Fergie-Ross Montero-Cruz, DO, and Steve M. Aydin, DO.

Source: Interventional Pain Management 2018;183-188.

Link: https://www.ipmreportsjournal.com/current/pdf?article=MjE0&journal=11

BACKGROUND: Coccydynia is pain in the coccyx region. The most common cause of coccydynia is trauma, either from a direct axial force such as during a fall onto the coccyx or from cumulative trauma as a result of poor sitting mechanics. Risk factors include obesity, female gender and rapid weight loss. The anatomy of the region is not well vascularized, and consists of the coccyx bones, and supporting ligaments and tendons. For a majority of patients, conservative management may be successful but for the remainder of patients, pain relief may only be transient and pain can become debilitating. What has yet to be fully explored is the possible beneficial effect of local injection of platelet-rich plasma (PRP) for the treatment of refractory coccydynia. PRP injections have been successful in treating a variety of chronic tendon, ligament and bone injuries by inducing an inflammatory response to promote or re-initiate healing. In addition, local injections of PRP to the coccyx would be a less invasive option than surgery for patients who have exhausted all other treatment options and continue to struggle with the debilitating effects of coccydynia.

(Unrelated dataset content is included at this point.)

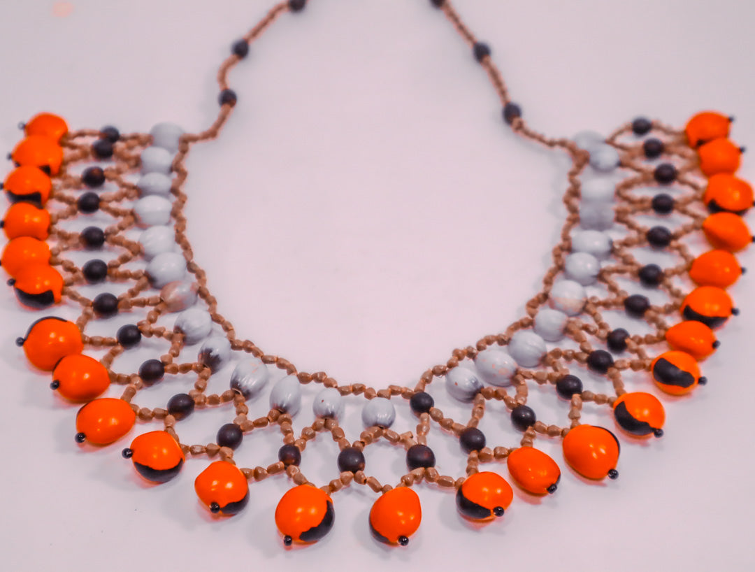 Diseño elaborado con pepas de madera y semillas vegetales, entrelazadas en colores tierra: blanco, negro, café y rojo. Este collar simboliza la unión entre las raíces culturales y la identidad ancestral. Ideal para quienes valoran la sabiduría de la naturaleza.
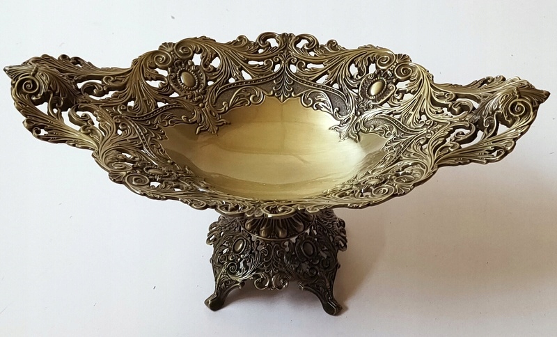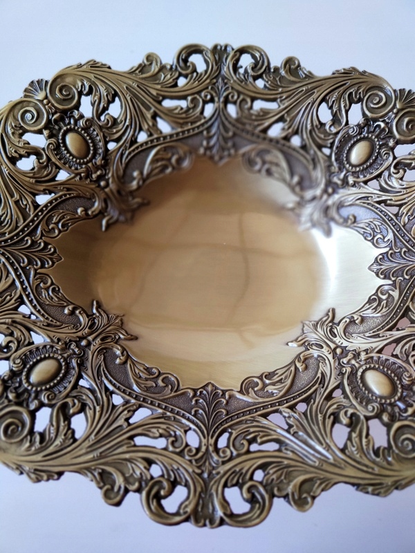 Сегодня создано феноменальное блюдо. Изготовлен из цинкового сплава, покрыт латунью цвета старого золота, богато декорирован по всей поверхности. Товар новый, не использовался. Идеально подходит в качестве декоративного элемента, сосуда для сладостей или изысканного подарка к особому случаю.

OBJECTIVES: To demonstrate the important role of PRP therapy in treating coccydynia refractory to traditional conservative management.

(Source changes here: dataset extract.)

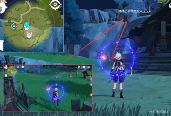 清完朝着地图的南方向走,从梯子上去就是五只丘丘人。
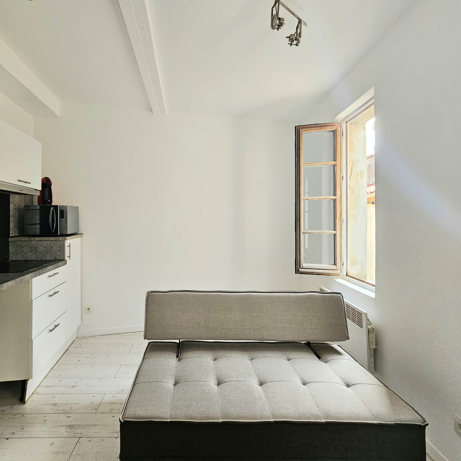 - au deuxième étage : un appartement T2 avec salon/séjour, cuisine, une chambre, une salle de bains avec WC

STUDY DESIGN: Retrospective case series.

METHODS: Three patients with coccygeal pain for greater than 6 months who presented to an outpatient pain management office in New York from 2014 until 2016, and failed conventional treatments. When the pain was deemed refractory for the patient, offering for PRP was done. This was presented with the option to repeat once again at the 6-8 week mark if needed. All patients underwent PRP with fluoroscopic injection, and the use of the same PRP commercially available system; Magellan-Arteriocyte. The patients were evaluated with a numerical rating scale, and percentage of pain relief at 6-8 week post-injection, 6 months post-injection, 12 months post-injection, and 24 months post-injection was recorded. Percentage of pain relief was then calculated.

RESULTS: Overall the patient series demonstrated significant improvement in numeric pain scale, as well as percentage of pain reduction. At the 6-8 week follow-up for all the post-PRP injections, there was an average of 75% improvement in overall pain. At 6 months, 1 patient had no change, while 2 patients maintained the same reduction in pain at the 12- and 24-month follow-ups.

LIMITATIONS: This retrospective case series is only a small sample size of patients with refractory coccydynia.

CONCLUSIONS: Here we discuss the first case series of PRP for coccydynia. The results of the 3 patients in this case series are encouraging.